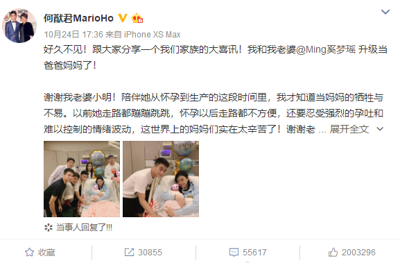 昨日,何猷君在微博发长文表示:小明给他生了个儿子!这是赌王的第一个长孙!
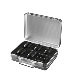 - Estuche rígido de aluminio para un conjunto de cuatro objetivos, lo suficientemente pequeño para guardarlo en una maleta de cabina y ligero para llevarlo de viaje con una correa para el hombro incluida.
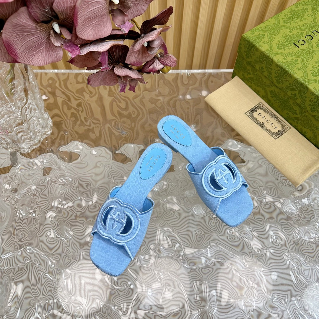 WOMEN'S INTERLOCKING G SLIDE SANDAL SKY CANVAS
--
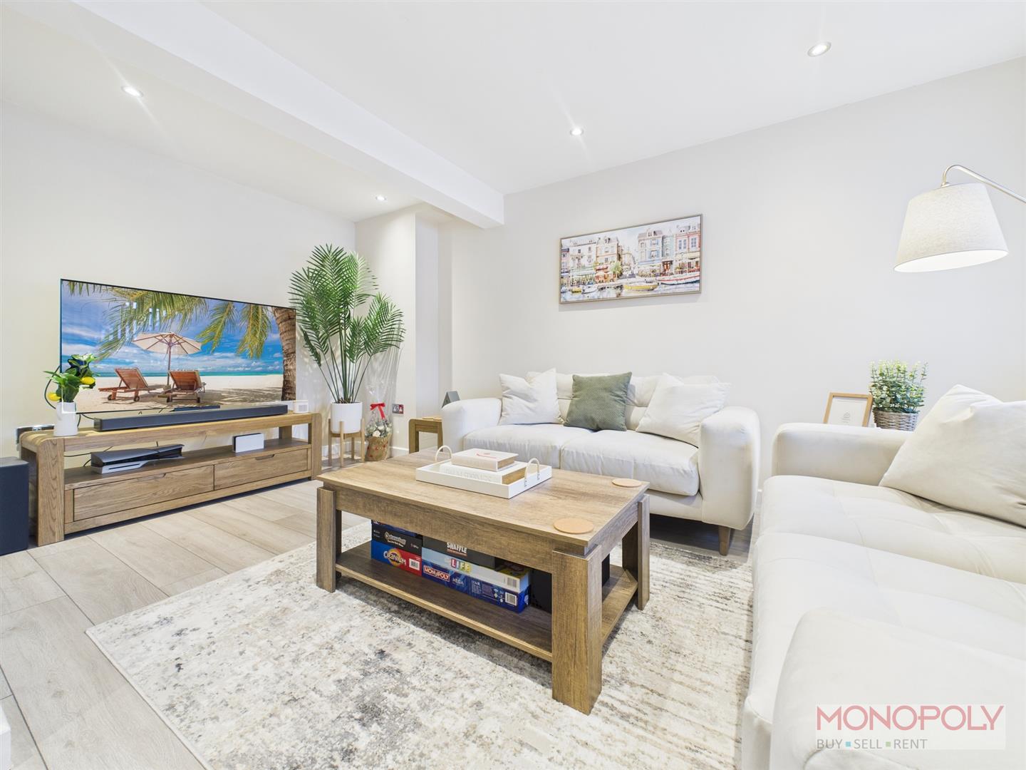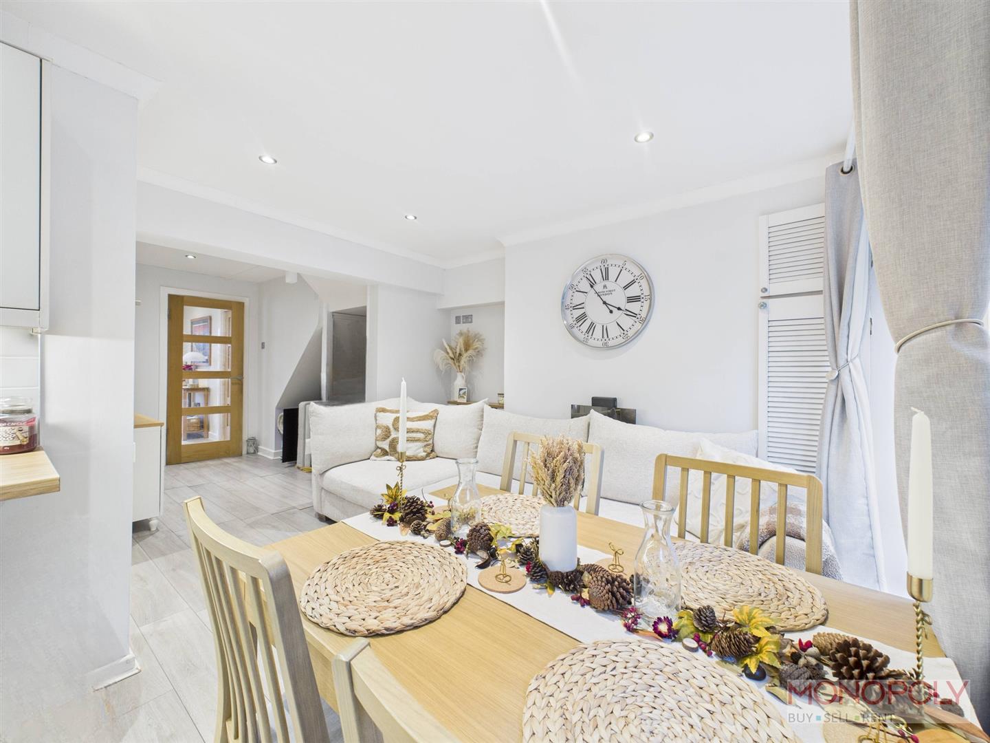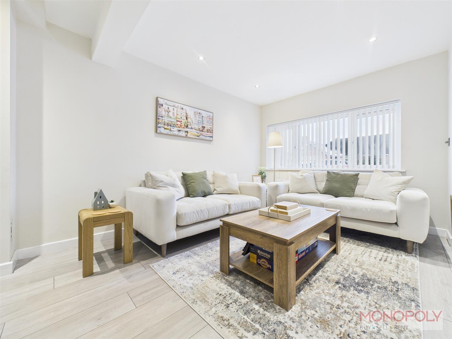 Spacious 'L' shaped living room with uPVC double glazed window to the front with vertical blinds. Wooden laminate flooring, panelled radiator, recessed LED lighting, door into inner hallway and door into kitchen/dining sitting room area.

Your task:
Please copy out from the data above, without any picture, exactly the lines running from the one that holds "- Estuche rígido" through the one that holds "WOMEN'S INTERLOCKING G", and nothing beyond them.

Response for this exercise:
 - Estuche rígido de aluminio para un conjunto de cuatro objetivos, lo suficientemente pequeño para guardarlo en una maleta de cabina y ligero para llevarlo de viaje con una correa para el hombro incluida.
 WOMEN'S INTERLOCKING G SLIDE SANDAL SKY CANVAS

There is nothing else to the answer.